Photo by Cầu Đường Việt Nam / Pexels
The Vulnerability Cascade
Here’s what you need to understand about CopyFail: it doesn’t require user interaction. It doesn’t require social engineering. A data center running vulnerable Linux versions—and there are millions—can be pwned by someone with network access. CISA doesn’t usually flag things as “severe” unless they’re seeing real exploitation, which means this isn’t theoretical anymore.
The timing is brutal. Ubuntu infrastructure goes down for a day—the infrastructure that hosts, builds, and distributes the operating system millions of servers depend on. An open source package with a million downloads gets caught exfiltrating credentials. A supply chain attack specifically hunts security firms. These aren’t separate incidents. They’re snapshots of a system that’s fundamentally compromised at multiple layers.
What gets me is the response I’m seeing from certain corners of the industry: “This is fine, we’ll patch it.” Sure. In environments where you have control. But we don’t live in that world anymore. Legacy systems running on Linux in hospitals, power plants, financial networks, and government agencies can’t just reboot on Tuesday. Patching is a months-long negotiation with vendors and compliance teams. Meanwhile the vulnerability is live in active attacks.
The supply chain angle is the real killer, though.
When an attacker can compromise a package that security firms themselves use—when they can poison the well that’s supposed to catch poisoning—you’ve inverted the trust model. Checkmarx and Bitwarden exist to verify that your dependencies are safe. If their tools get compromised, who checks the checkers? This is the question that keeps infrastructure people awake at 3 a.m.
Photo by UMA media / Pexels
The IPO Fever Dream
So what’s the Valley doing about this existential vulnerability landscape? Throwing capital at growth-stage companies with shiny pitch decks.
Cerebras is going public at a $26.6 billion valuation.
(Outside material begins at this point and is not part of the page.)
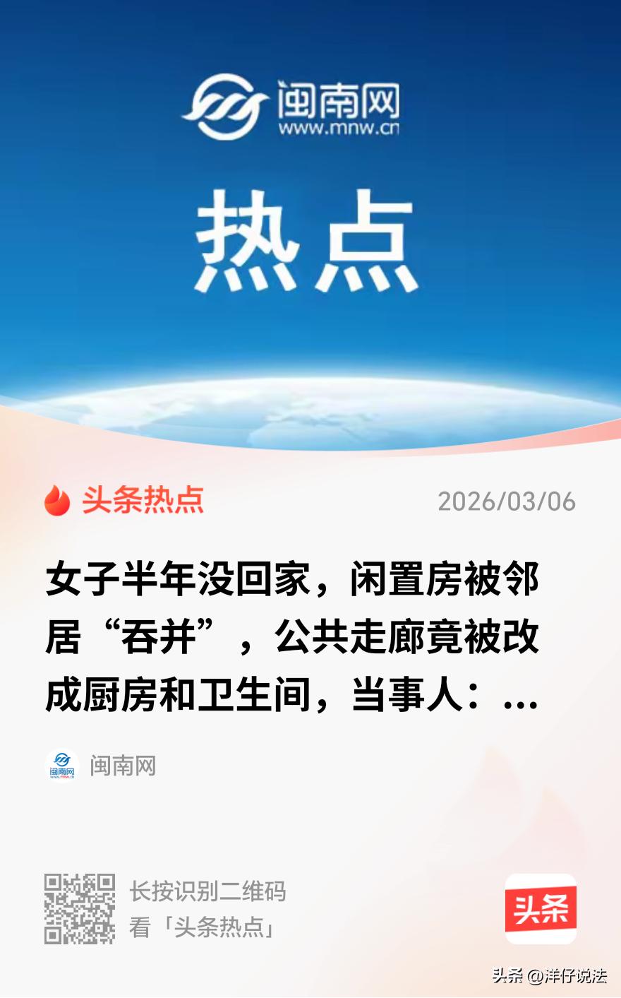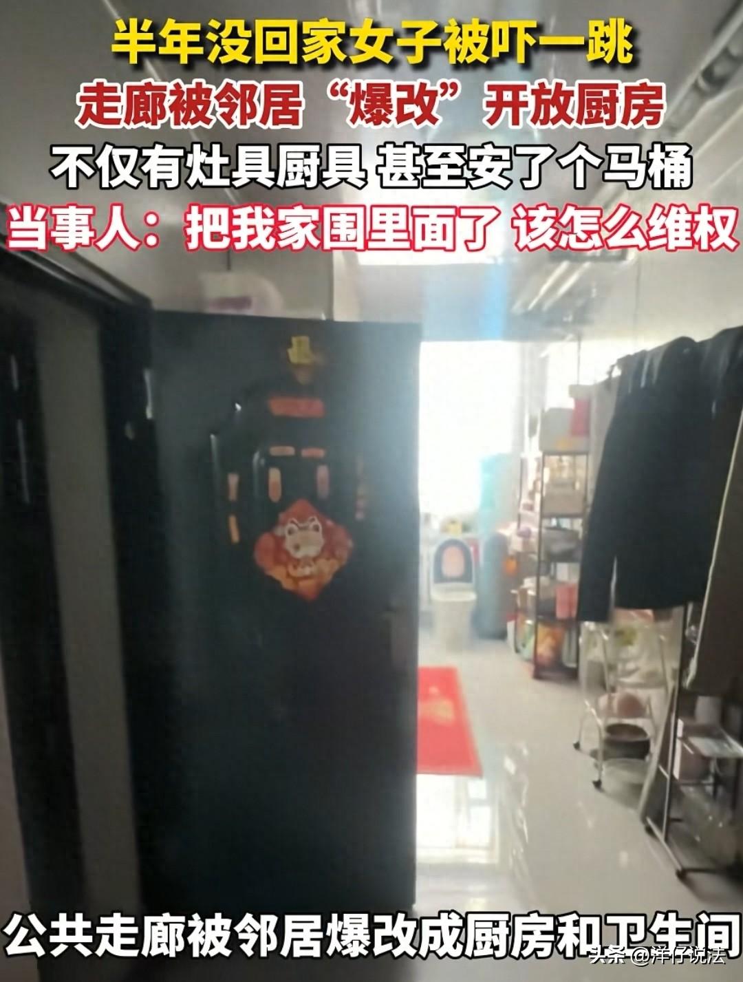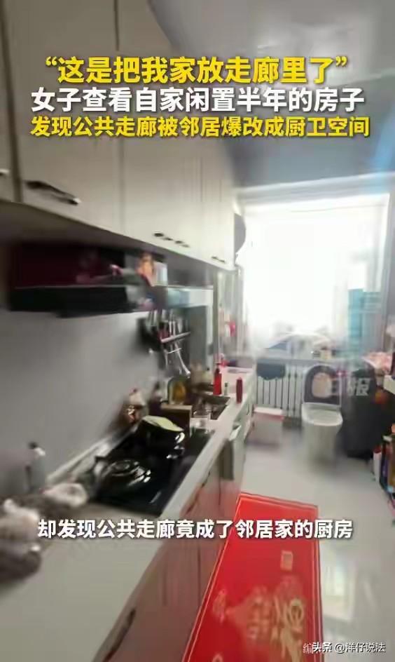 内蒙古,一女子半年后回到自己闲置的房子,推门一看,差点以为自己走错了单元,公共走廊完全变了样:燃气灶、洗手台、马桶一应俱全,水泥地铺了瓷砖,头顶装了吊顶,活脱脱一套开放式厨卫。更让她哭笑不得的是,邻居还“热心”地给她家旧门框包了边,顺手贴了副红彤彤的春联。半年没回家,公共走廊竟被邻居改造成了私家领域。   2026年3月4日晚上,徐女士像往常一样刷着手机,突然想起自己在市区那套老房子已经半年没去过了。   第二天正好有空,她决定去看看。这一看,差点让她以为自己走错了楼栋。   事情得从这套房子的位置说起。徐女士的这套房子位于一栋有些年头的老公寓楼里,每层有好几户人家,住户们共用一条公共走廊,走廊连接着楼梯和各家各户的大门。   徐女士平时不住这儿,这套房子一直空着,偶尔想起来才会过去看看。   3月5日这天,她推开楼道的大门,爬上楼梯,走到自己所在的那一层,眼前的景象让她愣住了。   走廊变了。   她清楚地记得,半年前离开的时候,这条走廊还是老样子,水泥地面,灰扑扑的墙壁,头顶是裸露的管道和电线,偶尔有几盏昏暗的灯亮着。   可现在呢?脚下的水泥地不见了,取而代之的是崭新的瓷砖,光滑得能照出人影。   头顶上,原本裸露的管道被白色的吊顶遮得严严实实,装上了明亮的吸顶灯。墙壁也重新粉刷过,白得发亮。   她顺着走廊往自家门口走,越走越觉得不对劲。   走廊靠墙的一侧,竟然摆着一台燃气灶,灶台上放着炒锅和调料瓶,旁边的墙上挂着抽油烟机。   再往前走几步,一个白色的洗手台嵌在墙壁里,上面放着牙刷杯和洗面奶。   洗手台旁边,居然还摆着一台洗衣机,洗衣机的排水管直接插进了墙边的一个地漏里。   最让她目瞪口呆的是,洗手台的对面,隔着一道简易的塑料帘子,里面隐约能看到一个马桶。   燃气灶、洗手台、洗衣机、马桶……这哪还是公共走廊,分明是一套开放式的一居室啊。   徐女士愣在原地好一会儿,才反应过来:这是邻居把公共走廊给“吞并”了,改成了自己家的厨房和卫生间。   她继续往自家门口走,发现邻居不仅改造了走廊,还“顺手”给她家做了点装修,她家那扇老旧的防盗门,门框被包上了崭新的木线条,门上贴着一副红彤彤的春联,上联是“春风得意马蹄疾”,下联是“新年更上一层楼”,横批“万事如意”。   徐女士哭笑不得,她在自己的社交媒体账号上发了视频,配文写道:“闲置的房子今天回去看看吓我一跳,成别人家了……还挺热心的,给我贴了一副对联。”   视频很快引起了网友们的围观。   有人调侃说:“这邻居挺讲究啊,把公共区域装修得这么漂亮,还帮你家装修了门框,你应该感谢他。”   也有人替她担心:“这燃气灶就在走廊里,万一着火了整层楼都危险。”   更多的人则是好奇:邻居到底是怎么想的?物业不管吗?这事儿最后怎么解决?   徐女士后来找到邻居,要求他把走廊恢复原状。   邻居的态度倒是挺客气,没有否认自己的行为,也没有表现出不满,只是说“周末回来协商”。   网友们纷纷猜测:邻居会同意恢复原状吗?他会不会要求徐女士分担一部分装修费用?毕竟他也给徐女士家的门框做了“升级”,还贴了春联。   从法律的角度来看,这件事其实并不复杂。   公共走廊属于建筑物的共有部分,归全体业主共有,任何个人都不能私自占用或改造。   《民法典》第二百七十一条明确规定,业主对建筑物内的住宅、经营性用房等专有部分享有所有权,对专有部分以外的共有部分享有共有和共同管理的权利。   也就是说,走廊是大家的,不是某一户人家的。   本案中,邻居在走廊里安装燃气灶、洗手台、马桶等设施,属于擅自占用、改造共有部分的行为,侵犯了其他业主的共有权。   徐女士作为业主之一,有权要求邻居停止侵害、恢复原状。   此外,《民法典》第九百四十二条规定,物业服务人应当按照约定和物业的使用性质,……维护物业服务区域内的基本秩序,采取合理措施保护业主的人身、财产安全。   如果邻居拒绝,她可以向物业公司投诉,要求物业出面制止。   如果物业不管,她还可以向住建部门举报,或者直接向法院提起诉讼,要求邻居排除妨碍、恢复原状。   至于邻居给徐女士家贴的春联、包的门框,虽然看起来像是“帮忙”,但实际上也是一种未经同意的“装修”。   《民法典》第三百二十二条规定,因加工、附合、混合而产生的物的归属,……法律没有规定的,按照充分发挥物的效用以及保护无过错当事人的原则确定。因一方当事人的过错或者确定物的归属造成另一方当事人损害的,应当给予赔偿或者补偿。   如果徐女士不认可这种装修,同样可以要求邻居拆除。毕竟,这是她的家门,邻居没有权利替她做主。   如果相关装修无法拆除,则徐女士有权取得该等装修,但如有受益的,可以适当补偿对方。   对此,您怎么看?

Its value proposition: it’s deeply tied to OpenAI. That’s actually the main thing—the “deep and rich relationship” is apparently worth tens of billions. Not because it’s solved infrastructure security. Not because it’s made Linux safer. Because it’s got access to the hottest AI company right now.
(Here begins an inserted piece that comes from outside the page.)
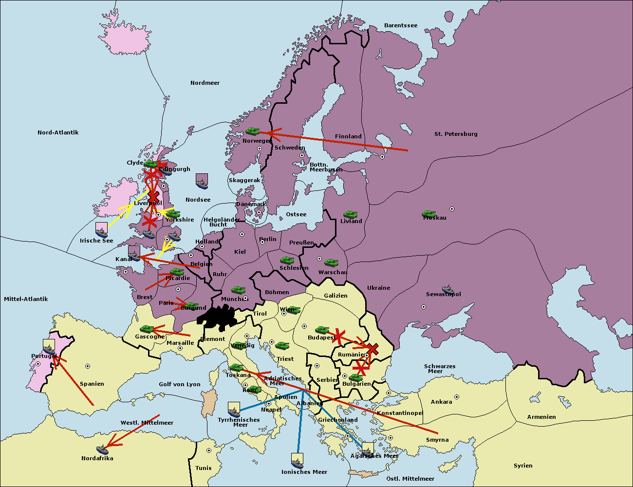 • Die Armee in Bulgarien move nach Rumänien. (gescheitert)

Fervo Energy is raising $1.3 billion to commercialize enhanced geothermal. I actually think this is interesting and probably net-positive for the world—geothermal is a legitimate power problem and they’re not vaporware. But it’s also capital that could’ve gone to, you know, hardening critical infrastructure.
Then there’s GameStop trying to acquire eBay for $56 billion.
I genuinely don’t know what the strategic thesis is here and I say that as someone who’s been covering this industry long enough to parse almost every angle. GameStop is a video game retailer that pivoted to meme stock status. eBay is a marketplace with massive scale. The only way this makes sense is if someone at GameStop thinks they can create a marketplace network that… does something. Sells something. Generates revenue that justifies fifty-six billion dollars. The fact that they haven’t actually explained the answer publicly suggests they don’t have one yet.
This is what happens when capital is abundant and returns are desperately hard to find: you get bets on audacious combinations that no one’s thought through.
My Read
Here’s what I think is happening: we’re in a bifurcated market where capital is flowing to narrative and away from reality.
The narrative is: AI is the future, new energy is critical, scale at any cost. The reality is: the systems we actually depend on are getting more fragmented, less secure, and increasingly difficult to patch at scale. And nobody’s incentivized to fix it because fixing infrastructure doesn’t make for good IPO roadshow slides.
Jensen Huang saying AI is creating jobs instead of destroying them isn’t wrong—it might be true. But it’s also conveniently the thing an Nvidia CEO would say when he’s got $3 trillion in market cap riding on AI adoption. I don’t think he’s lying, exactly. I think he’s engaging in the kind of selective vision that comes naturally to someone whose entire company benefits from a particular narrative being true.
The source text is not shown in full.